Filling in to make up for the dearth of workers is familiar to Meredith Johnson, owner of the Ice Cream Fore-U stand along Route 12A in West Lebanon.

Johnson said via email that they’ve been able to keep open for their regular 11 a.m. to 9 p.m. daily hours, although they made adjustments for the availability of students, who typically make up a good number of their employees. That included pushing back opening from March to May 1.

But Johnson said the only way Ice Cream Fore-U has been able to keep its “normal hours” is that she and her sister “are literally working 100- and 90-hour workweeks.”

“We typically have a stack of applications to choose from with applicants that have the availability we need, but that is not the case this season,” Johnson said. She added that the stand is usually open well into October, but she doesn’t know what will happen when the majority of her staff head back to the classroom in September.

‘No one has an answer’

Business owners aren’t the only ones grasping for solutions to the disconnect between available jobs and available workers. Last week, New Hampshire Gov. Chris Sununu notified the U.S. Department of Labor that the Granite State would no longer participate in the federal $300-a-week supplemental unemployment program but instead direct those funds into one-time stipends of $500 or $1,000 for people once they’ve returned to the workforce for at least eight weeks.

Whether a stipend or the end of weekly supplemental payments actually will drive low-wage earners back into the fold remains to be seen.
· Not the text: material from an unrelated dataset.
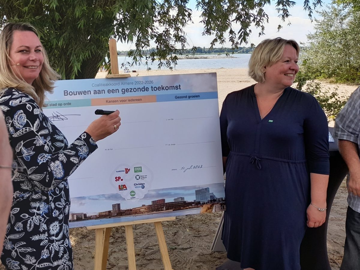 Holter noemt het een unicum voor Nederland dat in het college een wethouder voor de Partij voor de Dieren zitting neemt. De fractievoorzitters presenteerden maandag hun plannen op het Almeerderstrand.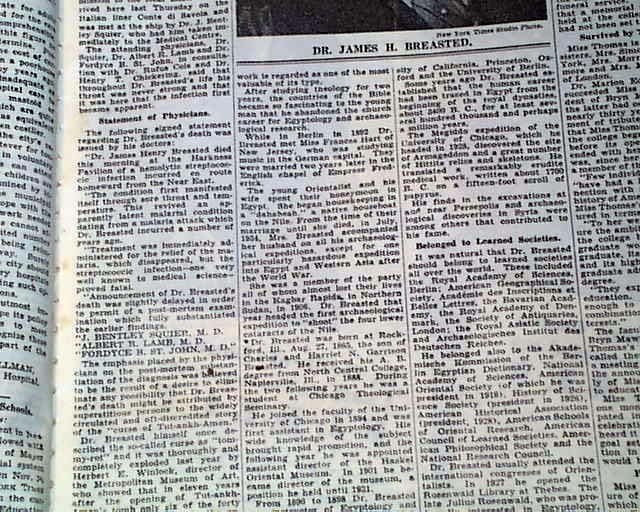 The top of page 25 has a one column heading: "DR. BREASTED DIES; NOTED ORIENTALIST" with subheads and photo. (see) Lengthy 1st report coverae on the death of James Henry Breasted, American archaeologist, Egyptologist and historian.

Studies during the pandemic have found scant evidence that increased unemployment payments have disincentivized workers from seeking jobs — many analysts say it’s the quality and wages of the jobs on offer, or larger questions brought on by the pandemic about what people value in an employer.

Tenney Brook Market’s Dukeshire isn’t sanguine that job applications will return to pre-pandemic levels once the extra payments end. Rather, he sees larger structural and policy issues at play that are affecting the economy and the available labor pool.

“Where are we going to get employees from? It’s that simple,” Dukeshire said. “And no one has an answer.”